We obtained accurate physical details of atomic diffusion and interactions in this system using ab initio calculations. We studied the key adatom diffusion moves responsible for the self-assembly and obtained their energy barriers [2] using the climbing-image nudged elastic band method [3]. We found several new mechanisms for adatom diffusion and also refined the energy barriers for the known mechanisms [4]. The energy barriers for adatom diffusion are sensitive to the local environment due to atomic interactions at the initial and transition states. Under certain configurations of neighboring atoms, the energy barriers for some diffusion moves are significantly reduced compared to that of single atom moves. Thus, we found that atoms assist each other to achieve moves that are kinetically difficult for single atoms, and lead to interesting self-assemblies. To accurately describe high-order many-body atomic interactions at surfaces, we developed the Connector Model [5] which can predict interactions at the initial states with accuracy close to ab initio calculations. We found that the connector model is more accurate and efficient in describing many-body interactions on Al(110) and Al(100) compared to the traditional lattice-gas approach [5,6].

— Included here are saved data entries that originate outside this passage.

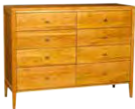
Eight (8) Drawer Dresser 53w x 19d x 38h - K113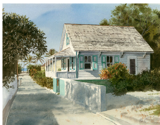
"New Plymouth Home" 85-33 12' x 16" $2000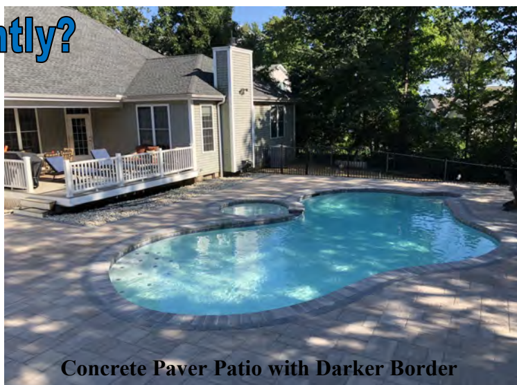
Concrete Paver Patio with Darker Border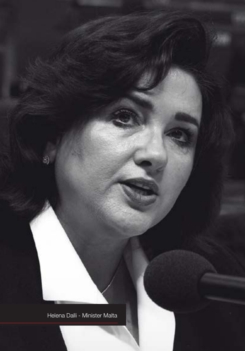
Helena Dalli - Minister Malta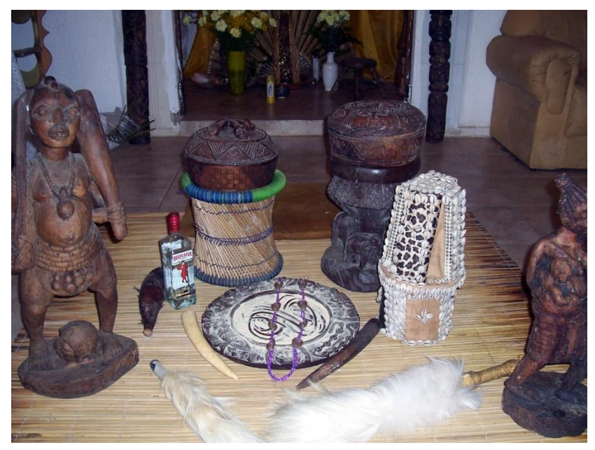
Idols, implements of divination and other Ifá objects

worshiper.<sup>41</sup> From a biblical standpoint, this is idolatry. It is also demonic, because the Bible clearly indicates that false pagan gods are actually demons (see Deuteronomy 32:16-17, Leviticus 17:7, 1 Corinthians 10:20-22).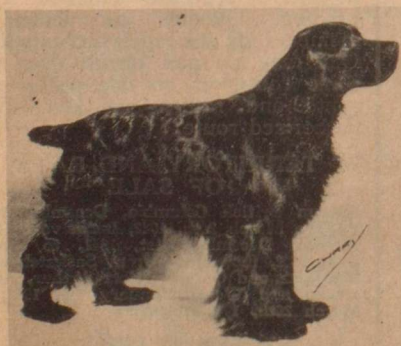
Ch. Kincaid's Own Surprise (Black) At Stud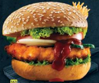
برجر فيليه دراغون Dragon Fillet Burger DHS. 13.00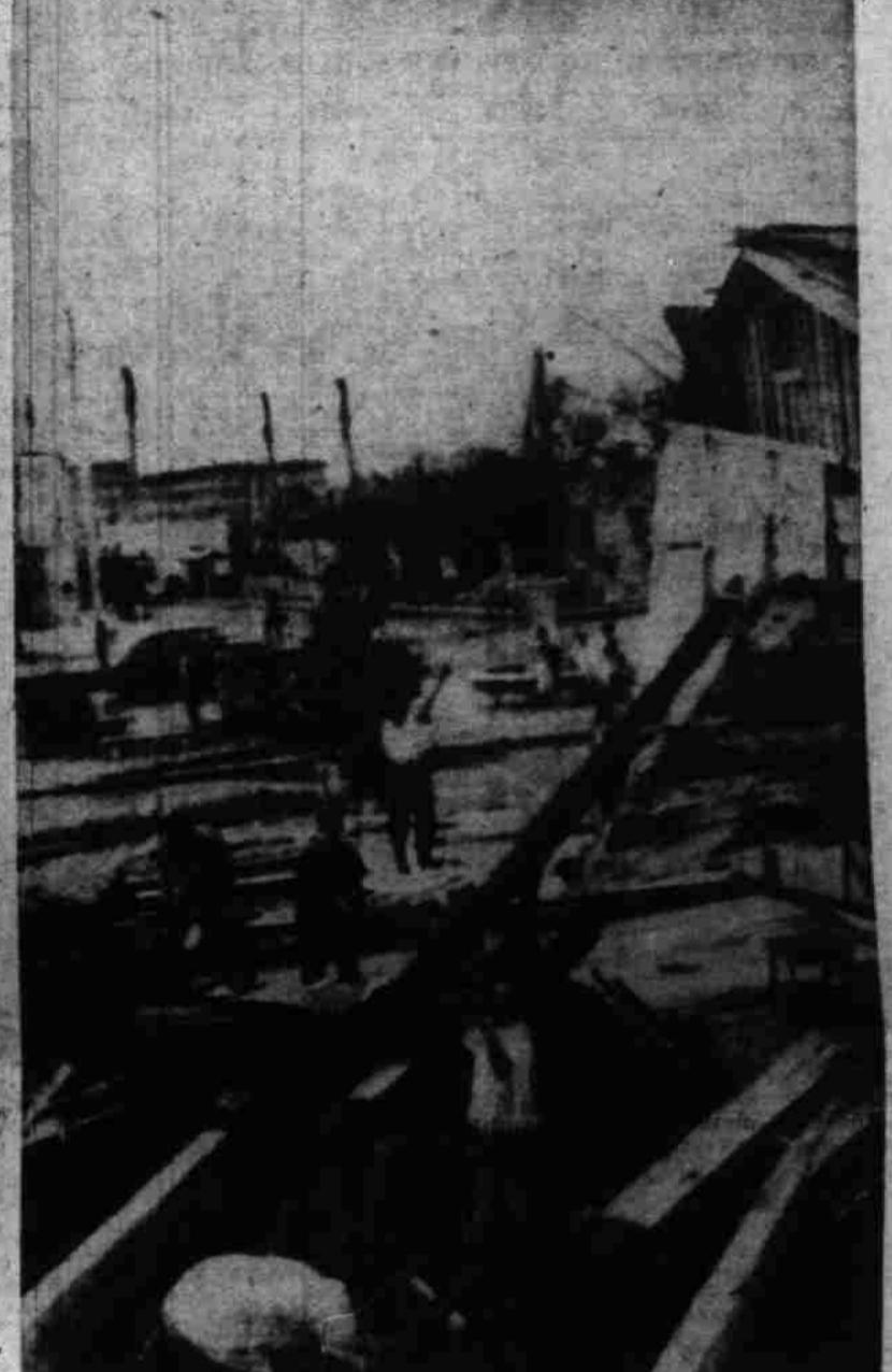
Hilda Violent TAMPICO, MEXICO—Youths search in wreckage of their homes after Hurricane Hilda whipped this oil port. Storm killed 12 persons in city and injured hundreds.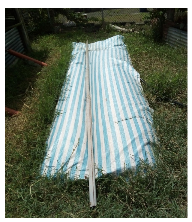
Pictured above is a large component of a biodigester system which uses a bag to allow for an easier installation process.

This project, which included 20 farmers, was designed to reduce each farmer's vulnerability to the effects of climate change, by constructing small water harvesting systems on small livestock holdings to harvest rainwater for later use. The project procured pelletizers to produce high quality forage for periods of droughts or floods, and provided resilient tropical breeds of goats to support the growing goat milk industry. Finally, as it relates to energy efficiency and renewable energy, the project installed two biodigesters on pig farmers' holdings to convert waste into renewable energy in the form of methane gas. The remaining bi-product from the process can then be used as organic fertiliser.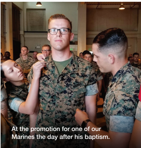
At the promotion for one of our Marines the day after his baptism.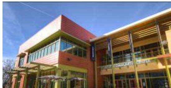
UC Davis Student Community Center Davis, CA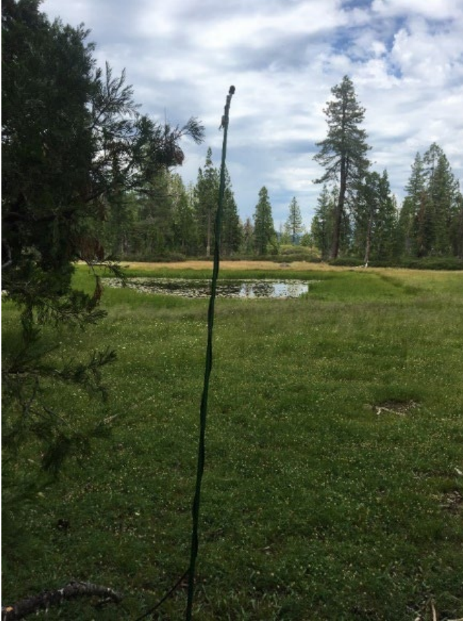
Figure 1. Example photo from behind the microphone, facing the same direction as the microphone, to include with NABat acoustic data submission. The goal is to capture a view of the space the detector is sampling.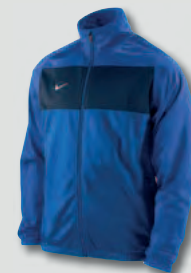
463 Royal Blue/Old Royal/ Obsidian/White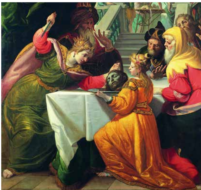
Herodias presented with the Head of the Baptist by Salome by Andrea Ansaldo (1630)

He bargained for over a decade to ensure the women in his family could inherit the Habsburg dominions undivided. Thus, in 1715, when Grimani composed La decollazione , the Viennese would have been attentive to the idea of women's power in court.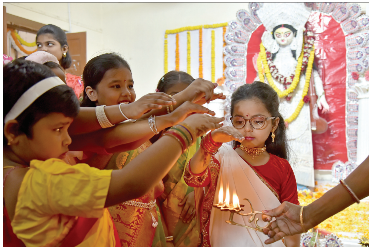
Students from junior classes seen deeply engrossed in Pujo rituals during Swaraswati Pujo celebration in Kolkata on Sunday.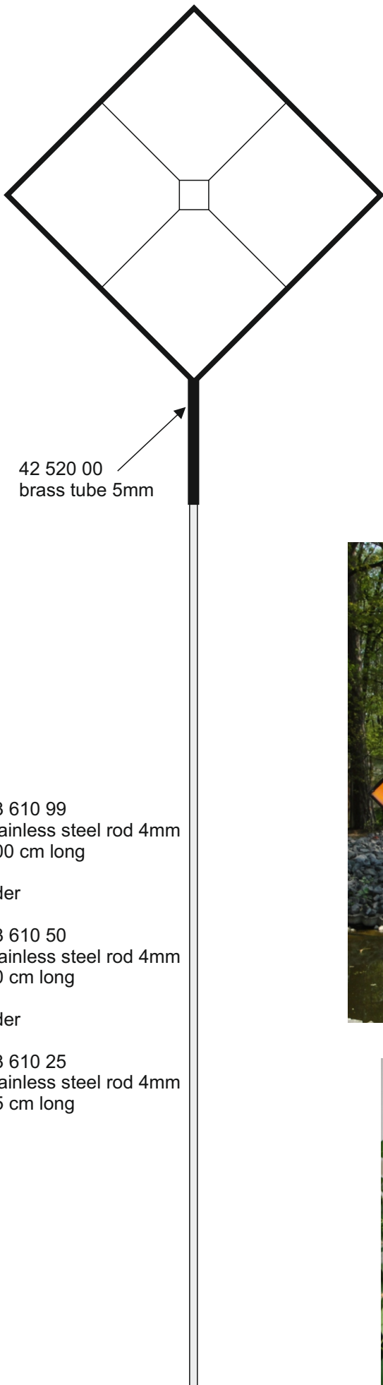
Garden Sticker "diamond"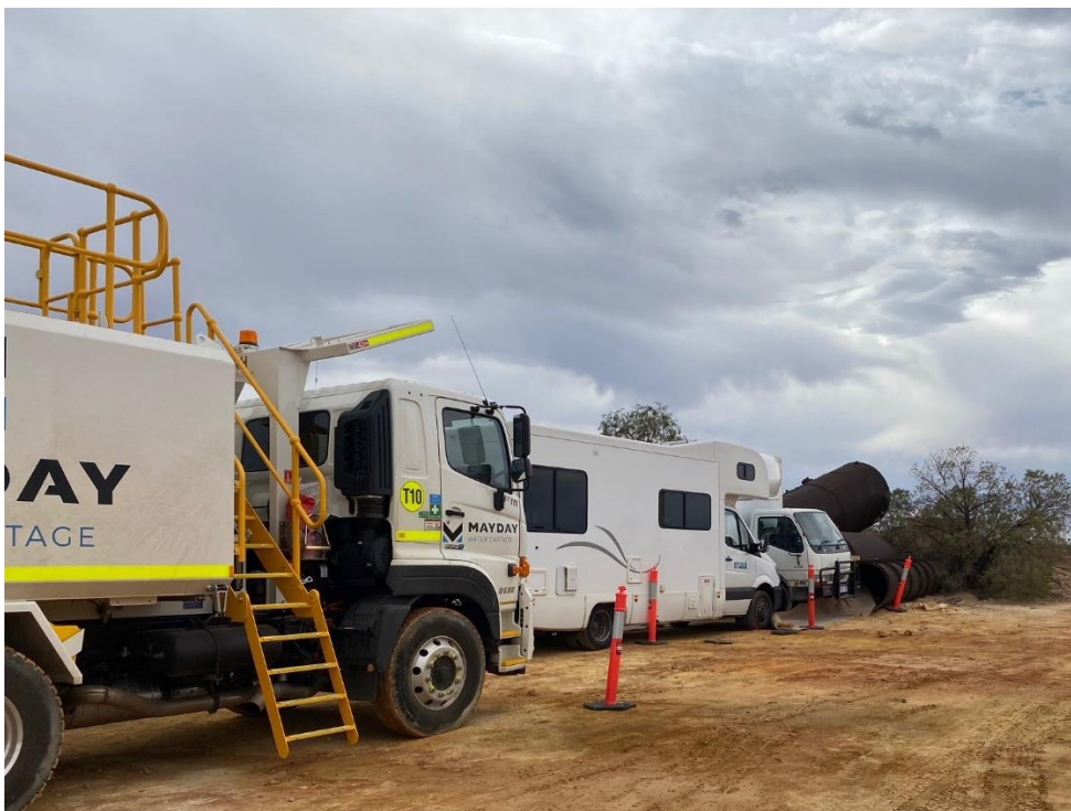
Photo 3: Staff Campervans and water truck next to the old boilers from the Cosmopolitan Mine.

The insights gained at the nanometer and pico-seconds scale were incorporated in a 3D kinetic Monte Carlo (kMC) model to extend the simulations to close to micron and minutes scale. Using our 3D kMC model, we simulated self-assembly under different deposition conditions in Al(110) homoepitaxial growth by modifying deposition flux and temperatures [7]. Further, we proposed innovative approaches to achieve the desired shapes and spatial distributions of nanostructures.

[1] F. Buatier de Mongeot, W. Zhu, A. Molle, R. Buzio, C. Boragno, U. Valbusa, E. Wang, and Z. Zhang, Phys. Rev. Lett. 91, 016102 (2003).

[2] Y. Tiwary and K. A. Fichthorn, to be published.

[3] G. Henkelman, B.P. Uberuaga, and H. Jonsson, J. Chem. Phys. 113, 9901 (2000).

[4] W. Zhu, F. Buatier de Mongeot, U. Valbusa, E. G. Wang, and Z. Y. Zhang, Phys. Rev. Lett. 92, 106102 (2004).

[5] Y. Tiwary and K. A. Fichthorn, Phys. Rev. B 78, 205418 (2008).

[6] Y. Tiwary and K. A. Fichthorn, Phys. Rev. B 75, 235451 (2007).

[7] Y. Tiwary and K. A. Fichthorn, to be published.